Макс посильнее обнял Ленку, хотя она и без этого явно никуда не собиралась.
— Я думаю о том, что было бы, если бы я тогда соблазнился на ее прелести. С другом не помирился бы, и пошла бы моя жизнь немного по-другому. И не важно, ушла бы Светка опять к кому-то или не ушла бы. Главное — скорее всего не попал бы я в этот мир и не встретился бы с тобой.
— А... Это другое дело. Обо мне думать можно. Думать обо мне — это хорошо. Только ты обо мне ни капельки не думаешь. Я тут сижу голодная, а ты сказки рассказываешь. Где завтрак, где мандарины?
Макс встал, забрал поднос, пошел к синтезатору.
— Что было бы? А кто ж его знает? Ну с Маринкой то все понятно — не прогнал бы я ее с ее чемоданчиком на ночь глядя, или хотя бы отвез в общагу на такси, или хотя бы не отдал ей приготовленные в подарок на свадьбу сережки, — не задушили бы ее в парке, вырвав эти сережки из ушей. А вот со Светкой все сложнее, Светка меня все-таки любила. Когда я ее выгнал, все про это Борьке рассказала, хотя могла бы и промолчать. Борька ей все простил, и говорил потом, что зря. Не простил бы — возможно, пришла бы Светка опять ко мне, возможно, простил бы я ее. Тогда не стала бы она каждый день надираться настойкой из своих корешков до тех пор, пока однажды не залезла на крышу и не прыгнула ласточкой вниз. Ласточкой. Из-за меня прыгнула. Вспомнила, как мы дурачились в палатке перед командировкой, изобретали самую страшную и нелепую клятву.
— Если ты когда-нибудь меня бросишь, то я умру, — поклялась тогда она.
— Если ты умрешь, я больше никого ласточкой называть не буду — поклялся я.
— Ты так просто хочешь от меня отделаться? Если я умру, а ты соберешься на ком-нибудь жениться, то прилетит с неба ласточка и заклюет твою невесту насмерть — поклялась она.
В шутку клялись, а вот получилось более чем всерьез.
— А если я просто буду кого-то любить, а жениться не буду? — засмеялся тогда я.
— Любить можно, хоть пятерых сразу, разрешаю, а вот жениться нельзя ни на одной, — махнула рукой она.
— А если мне будет 60, тоже нельзя? — спросил я.

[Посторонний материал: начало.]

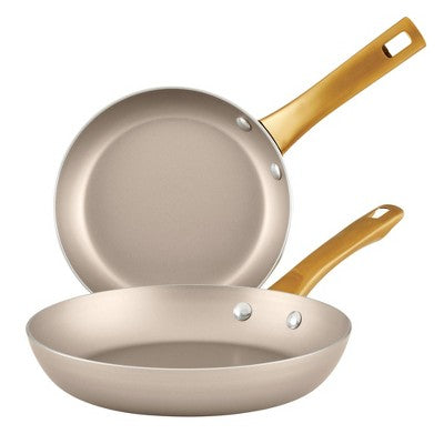 FarberwareThese statement-making frying pans radiate style, with contemporary champagne-colored surfaces inside and out and sleek gold-colored stainless stee...
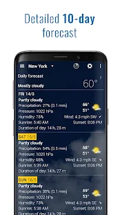 Transparent Clock and Weather – this is a great application for Android, which has a wide functionality to track weather conditions on a smartphone or tablet. In addition to detailed forecasts, the indicator displays the current time and date if the user for some reason runs out of hours on the top panel. Easily get accurate local or global weather forecasts with live weather updates, hourly and daily forecasts and timely weather alerts. Check the weather for today, tomorrow or the weekend with our easy to use weather app.
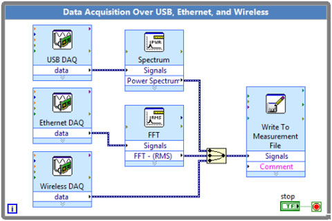 由于认识到测量系统需求的多样性,NI已经开发了一套独立于PC总线技术的数据采集软件架构,用户使用同一套NI-DAQmx驱动软件,就可以于PCI、PCIe、PXI、PXIe、USB、以太网和Wi-Fi等多种总线上的NI数据采集硬件进行通讯获取数据。用户为USB接口的NI CompactDAQ系统开发的软件,不需要进行任何修改就可以直接用于以太网接口的NI CompactDAQ系统上。此外,NI-DAQmx驱动的API能够兼容多种编程平台,用户可以使用LabVIEW、C/C++、C#或微软VB.NET等编程工具对NI CompactDAQ进行编程。
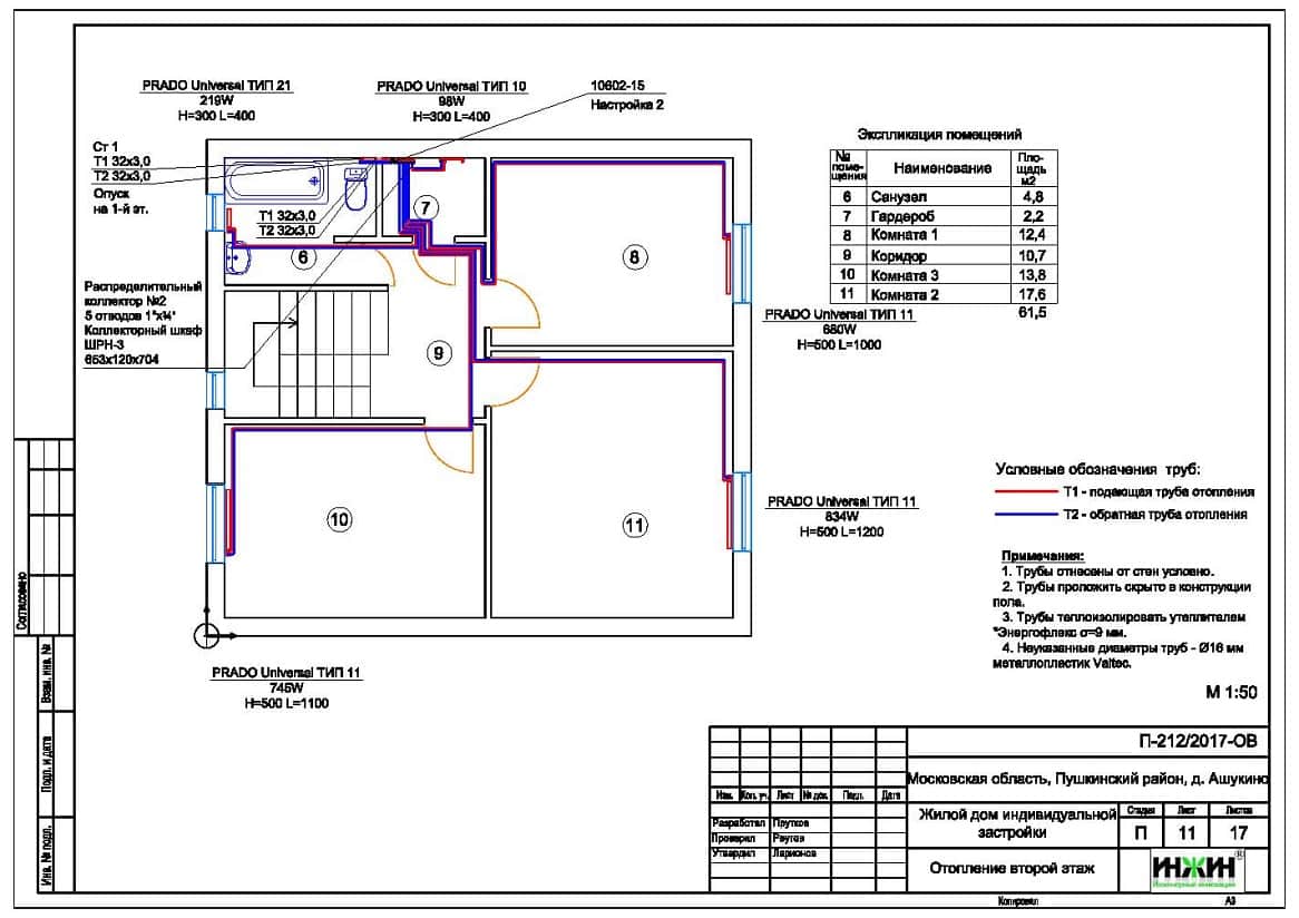 3. Поэтажные чертежи радиаторного отопления частного дома.

— Ладно, раз ты такой непостоянный, разрешаю тебе жениться, но только когда на календаре будет июнь 83-го. Смотри, не опоздай.
— Почему 83-го?
— Потому что в именно в июне 83-го ты пообещал любить меня сто лет.
— Но ведь тот июнь давно закончился. Как же я тогда женюсь?

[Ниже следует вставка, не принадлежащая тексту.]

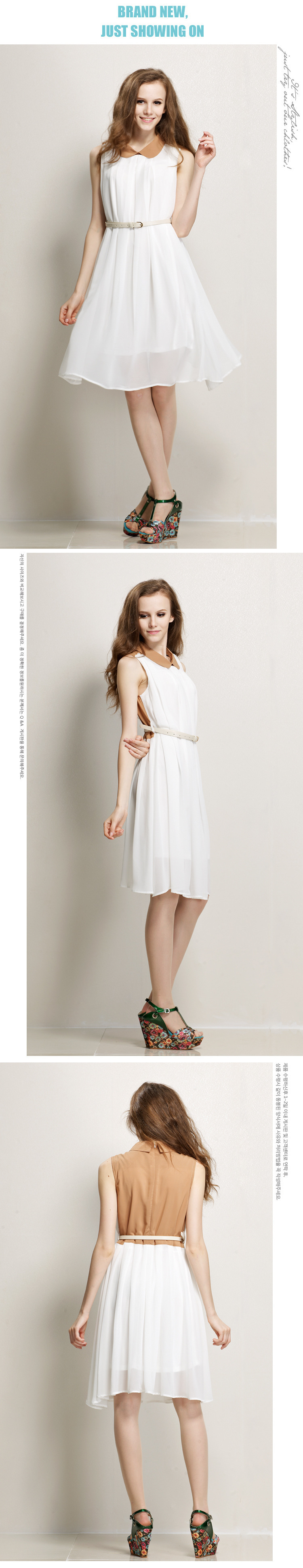 一件代发韩版雪纺连衣裙 韩版假两件收腰时尚黑白 短袖连衣裙B79
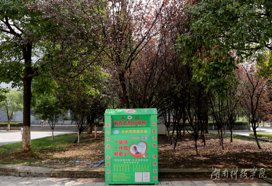 本网讯(通讯员 刘晓慧)家里有一堆旧衣物,丢在垃圾桶感觉很可惜,可捐赠又找不到途径。对于很多师生来说,如何处理家里的旧衣物成了一件烦心事。近日,这一难题有了解决渠道,因为学校在荷园食堂、桃园宿舍一栋设置了闲置衣物回收柜。这是金沙集团为协助永州市慈善总会开展“一张纸、一件衣、献爱心”公益活动而设。
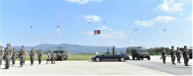 ▲ 드론작전사령부 창설식에서 김승겸 합참의장과 초대 드론작전사령관 이보형 소장이 열병을 하고 있다. 2023.9.1 ⓒ 합동참모본부 제공

— Закончился июнь 1983-го. Но через сто лет будет июнь 2083-го. А еще будет июнь 2183-го. Мне все равно, какое это будет столетие, хоть это, хоть следующее, хоть двадцать второе, главное, чтобы последние две цифры года были 83. И только июнь. Опоздаешь жениться в июне — придется тебе ждать другого 83-го.
— И что мне теперь делать, когда Ленка замуж захочет? Рассказать ей всё? Не поймет. А рисковать не хочу. До июня 1983-го всего пять с половиной лет. Можно даже не ждать, а прыгнуть сразу в этот проклятый 83-й, в какую-нибудь другую реальность. Но будет ли от этого хоть какой-то толк? Светка явно говорила именно о моей, о других реальностях она ничего не знала. И все равно неизвестно, что получится. Может, она имела ввиду, что я сто лет обещал любить, а прошло всего тридцать четыре. Рассказать? Чтобы Ленка засмеяла меня за эти суеверия?
— Макс! Ты чего? — Ленка стояла перед Максом и трясла его за плечи — Тебя полчаса не было. Пошла тебя искать, а ты тут стоишь, ничего не слышишь и сквозь меня смотришь.
Макс обнял Ленку. Он решился.
— Лен, я тебе не все рассказал. Вообще никому не рассказывал, ты первая. Но раз начал, надо сказать все до конца, даже если смеяться начнешь.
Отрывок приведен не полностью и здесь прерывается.